2. Governing Equations

The RANS equations for mass, momentum and energy are considered for an incompressible flow. These equations are written for a stationary, viscous and Newtonian fluid under a conservative form to include source terms that consider mass, momentum and energy exchanges. In addition to these mean flow properties, the mass fraction of the flow is also considered. Reynolds stresses, $\overline{U_i^{\prime }{U}_j^{\prime }}$, are approximated through the eddy viscosity concept and Boussinesq’s hypotheses. Finally, the system of partial differential equations (PDEs) is closed with the $\kappa$–$ϵ$ turbulence model [33] for the determination of the turbulence kinetic energy and its dissipation.

The governing equations can be reduced into a single advective–diffusive conservation equation for a general property per unit volume, $\varphi$, represented in Equation (1), where ${\mathsf{\Gamma }}_{\varphi }$ and $S_{\varphi }$ correspond to the effective diffusion coefficient and the source term for each property, $\varphi$, respectively.

$${\displaystyle \frac{\partial \left(\rho \varphi U_i\right)}{\partial X_i}}={\displaystyle \frac{\partial }{\partial X_i}}\left[{\mathsf{\Gamma }}_{\varphi }{\displaystyle \frac{\partial \varphi }{\partial X_i}}\right]+{\overline{S}}_{\varphi }$$

(1)

The trajectories of representative samples are used to obtain the position and velocity of the droplets. This is achieved by solving the particle momentum equation, according to Newton’s second law of motion via the Eulerian fluid velocity field, which is consequently obtained by solving the RANS equations. Finally, the particle position is represented by an equation that considers both the previous and current locations, the particle velocity and the time it took to travel that distance.

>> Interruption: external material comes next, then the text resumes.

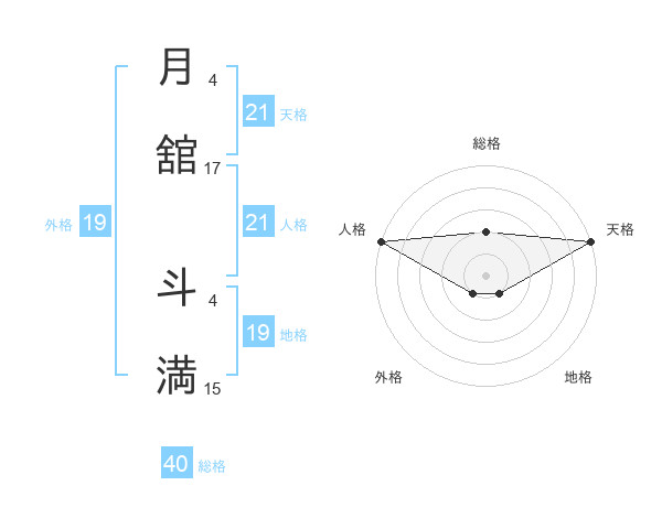 月舘 斗満さんの天格は21画の5点!

A mathematical expression for the particle motion equation, considering a spherical droplet that accounts for all four types of forces, is suggested by Shirolkar et al. [7]. Nevertheless, in the model employed for cooling free-falling water droplets, only steady-state mechanisms for particle dispersion are considered, resulting in a simplified equation for a three-dimensional Cartesian coordinates system. Equations (2) and (3) respectively represent the new particle position and velocity, with subscript d denoting a droplet property and g a gas field property. The trajectory equations depend directly on three additional parameters: the particle relaxation time, ${\varrho }_d$; the integration time step, $\Delta t$; and the gravitational acceleration, g. The superscripts $NEW$ and $OLD$ correspond to a certain property about the next step and one related to the current one. The parameter $X_i$ and $U_i$ are the generalized position and velocity coordinates.

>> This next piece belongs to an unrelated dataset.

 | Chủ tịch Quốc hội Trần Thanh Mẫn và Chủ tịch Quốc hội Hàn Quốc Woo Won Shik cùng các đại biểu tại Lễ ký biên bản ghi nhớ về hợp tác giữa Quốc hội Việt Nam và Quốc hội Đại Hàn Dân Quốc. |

$$X_{i,d}^{NEW}=X_{i,d}^{OLD}+{\displaystyle \frac{\Delta t}{2}}\left(U_{i,d}^{NEW}+U_{i,d}^{OLD}\right)$$

(2)

$$U_{i,d}^{NEW}=U_{i,g}+\left(U_{i,d}^{OLD}-U_{i,g}\right)e^{-{\displaystyle \frac{\Delta t}{{\varrho }_d}}}+g_i{\varrho }_d\left(1-e^{-{\displaystyle \frac{\Delta t}{{\varrho }_d}}}\right)$$

(3)

The particle relaxation time is defined as the response rate of particle acceleration to the relative velocity between the particle and the carrier fluid, depending on the particle’s inertia and free-fall velocity. This parameter is represented in Equation (4). The parameter d is the droplet diameter, $\rho$ the density, $\mu$ the dynamic viscosity and ${\mathrm{Re}}_{\mathrm{d}}$ the diameter-based Reynolds number.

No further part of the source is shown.